All that day on my route, I felt something terrible creeping up from my depths and forcing its way into my conscious mind. By noon, I was flat-out terrified of giving up a drop of my blood, although I am not usually frightened by the sight of blood. This perplexed me. As I thought about this conundrum, it occurred to me that the root of my very real fear and aversion, was a memory of seeing the hollowed-out husks of junkies selling their blood to buy the next hit. I have always likened pushers to vampires and their victims to the undead. All this imagery was in turn fed by all the horror movies I had seen as a child. It was perfectly logical.
After my route, I walked several miles over to the Red Cross Clinic on Oak Street. I asked the lady if it would damage me in any real way to purposely take blood out of my body. She taught me all the medical facts about the procedure and the bodily response. Evidently, one could give up a pint every forty days or so with no ill effects and some beneficial effects, especially for men. I answered all the embarrassing sex questions, had my blood pressure taken and rolled up my sleeve. I was white as a sheet. I told the nurse about the negative associations I harboured.
She had purple hair, tattoos, black nail polish and many piercings. She laughingly told me not to worry, that she wasn't a vampire. After awhile in the most comfortable chair I had ever reclined in, my pint bag was full and I was disconnected. I was led to a table and treated to a basket of cookies and given raspberry juice by a silver-haired volunteer.

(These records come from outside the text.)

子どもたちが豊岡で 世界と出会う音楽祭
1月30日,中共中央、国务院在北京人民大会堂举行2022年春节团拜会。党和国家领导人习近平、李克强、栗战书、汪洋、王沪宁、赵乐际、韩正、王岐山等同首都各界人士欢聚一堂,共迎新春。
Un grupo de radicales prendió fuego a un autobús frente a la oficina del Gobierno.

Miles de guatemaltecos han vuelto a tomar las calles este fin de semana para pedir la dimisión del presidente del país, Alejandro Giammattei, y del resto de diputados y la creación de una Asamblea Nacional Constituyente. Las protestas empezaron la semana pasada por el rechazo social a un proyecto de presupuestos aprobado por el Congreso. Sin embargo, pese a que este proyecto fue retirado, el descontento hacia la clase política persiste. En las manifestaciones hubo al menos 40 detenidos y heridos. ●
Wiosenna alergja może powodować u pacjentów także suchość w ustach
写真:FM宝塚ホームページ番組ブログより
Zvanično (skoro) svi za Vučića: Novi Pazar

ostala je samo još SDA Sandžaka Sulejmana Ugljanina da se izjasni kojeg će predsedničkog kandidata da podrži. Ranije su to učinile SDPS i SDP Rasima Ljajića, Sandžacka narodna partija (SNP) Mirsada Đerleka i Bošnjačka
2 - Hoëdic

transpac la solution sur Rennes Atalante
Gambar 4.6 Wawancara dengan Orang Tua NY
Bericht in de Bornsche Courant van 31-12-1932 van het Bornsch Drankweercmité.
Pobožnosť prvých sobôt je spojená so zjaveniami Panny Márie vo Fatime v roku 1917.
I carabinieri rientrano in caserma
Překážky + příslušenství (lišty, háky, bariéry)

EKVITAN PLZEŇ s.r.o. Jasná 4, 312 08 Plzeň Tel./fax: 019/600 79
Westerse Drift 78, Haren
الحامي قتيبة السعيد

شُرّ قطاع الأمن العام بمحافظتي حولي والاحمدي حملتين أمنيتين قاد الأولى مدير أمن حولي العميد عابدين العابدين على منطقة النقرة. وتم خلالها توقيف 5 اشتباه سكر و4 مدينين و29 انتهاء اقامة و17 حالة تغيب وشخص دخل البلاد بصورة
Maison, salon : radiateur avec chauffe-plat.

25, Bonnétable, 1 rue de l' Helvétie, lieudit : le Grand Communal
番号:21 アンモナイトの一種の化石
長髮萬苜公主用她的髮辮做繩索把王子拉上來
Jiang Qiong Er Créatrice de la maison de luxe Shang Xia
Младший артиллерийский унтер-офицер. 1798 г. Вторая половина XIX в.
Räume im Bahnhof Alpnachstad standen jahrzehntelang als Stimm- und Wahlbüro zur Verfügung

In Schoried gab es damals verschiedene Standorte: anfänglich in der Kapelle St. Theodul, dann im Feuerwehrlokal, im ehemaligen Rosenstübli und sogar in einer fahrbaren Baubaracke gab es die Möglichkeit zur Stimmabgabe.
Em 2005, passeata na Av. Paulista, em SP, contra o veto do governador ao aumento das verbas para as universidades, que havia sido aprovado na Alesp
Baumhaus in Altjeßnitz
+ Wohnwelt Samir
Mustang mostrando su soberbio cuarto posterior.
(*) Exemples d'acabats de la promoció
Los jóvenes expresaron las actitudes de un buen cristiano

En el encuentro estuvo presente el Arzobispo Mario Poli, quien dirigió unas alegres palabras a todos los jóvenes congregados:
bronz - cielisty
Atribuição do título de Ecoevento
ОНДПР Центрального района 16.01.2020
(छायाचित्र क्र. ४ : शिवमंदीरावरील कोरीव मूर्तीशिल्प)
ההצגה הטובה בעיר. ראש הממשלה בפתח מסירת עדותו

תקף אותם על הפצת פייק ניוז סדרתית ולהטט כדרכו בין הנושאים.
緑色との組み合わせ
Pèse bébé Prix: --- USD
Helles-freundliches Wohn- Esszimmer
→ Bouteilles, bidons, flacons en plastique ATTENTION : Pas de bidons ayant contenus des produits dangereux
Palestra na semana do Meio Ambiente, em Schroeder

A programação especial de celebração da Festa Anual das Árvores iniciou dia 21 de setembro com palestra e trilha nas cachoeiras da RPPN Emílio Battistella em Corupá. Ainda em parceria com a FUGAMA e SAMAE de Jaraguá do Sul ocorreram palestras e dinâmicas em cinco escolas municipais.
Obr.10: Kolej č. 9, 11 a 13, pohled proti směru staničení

She told me that each pint donated would be used to help six people. That my blood type was universal and the fact that I ate no aspirins or other medicines made my blood the first choice for giving to infants. I went home to eat and drink like a farm hand. I felt blessed to be married to a wonderful cook and decided that donating blood was a great way to share the bounty of our table.
I always went on foot to donate after walking my route according to the Red Cross recommended schedule. When I reached my fifty-second birthday, it happened that I had donated exactly fifty-two pints of my Cherokee-Swede Sweet Light Crude. I felt that this was a good juncture at which to stop before the habit of giving my blood tried to insert itself further into my ego. I imagined three hundred and twelve babies out there biologically grooving on my wife's adobo, tingling from the chili peppers I eat and growing up to realize that they love the sound of a pedal-steel guitar. I doubt that I would have ever have been moved to give my blood gift to Canada had I not been stirred out of inertia by the Mediterranean sparks showered upon me by my Maltese Canadian workmate.
Regardless of how it appears, the world is still largely run by men; but not by ordinary men. Under their corporate sway and the drag of newly legitimized bible thumping multi-generational drug smuggling old money are many willing political jesters who cannot save us from many perils we face. We shall have to save ourselves. We will need to work together, us men and women. My guess is that a few brave women will eventually ignite the best in many menfolk. I would encourage all women reading this to take up the task of their own education and to spread their knowledge and their encouragement.